Splitting the paper were Davis Selected Advisers, an investment fund run by scions of famed investor and Motley Fool hero, Shelby Davis, Sr., and Warren Buffett's Berkshire Hathaway (NYSE:BRK-B). Each firm picked up $300 million in debt, making the deal (from Berkshire's perspective) about as big a deal as its November investment in USG (NYSE:USG), but significantly smaller than Berkshire's higher profile moves into General Electric (NYSE:GE) and Goldman Sachs (NYSE:GE) equity.

Now, at first glance, you might not think that this would be the kind of news to move a stock 16% in a day. Taking one look at the deal, Moody's (NYSE:MCO) downgraded Harley-Davidson Financial Services' long-term creditworthiness a grade from A1to A2. UBS (NYSE:UBS) soon pointed out that the added cost of this financing will slice about $0.18 per share from Harley's fiscal 2009 profits.

And yet, the fact that everything about the deal seems negative to Harley makes the stock's reaction to the news all the more interesting.

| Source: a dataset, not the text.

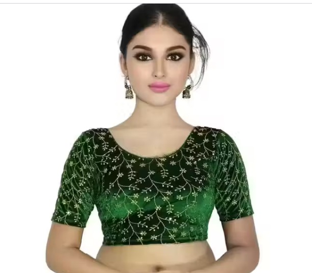 Private Label Women s Readymade Strechble Velvet Embroidered Blouse green colour free size

What, pray tell, could investors see in this news that's edifying?

Two things
First and most immediately, we see Harley getting a new lease on life. $600 million in new cash, plus the nearly $600 million that the hogmeister already has stashed in the bank, means that Harley can continue to burn cash at the same rate in 2009 as it did in 2008, and still not quite run out.

But as reassuring as this news is, I rather suspect that the psychological factor played the more important part. Neither Buffett nor Davis got where they are today by pouring good money into bad companies immediately prior to a bankruptcy. Investors probably think that if Buffett and Davis believe Harley will survive to repay its debts, then it will.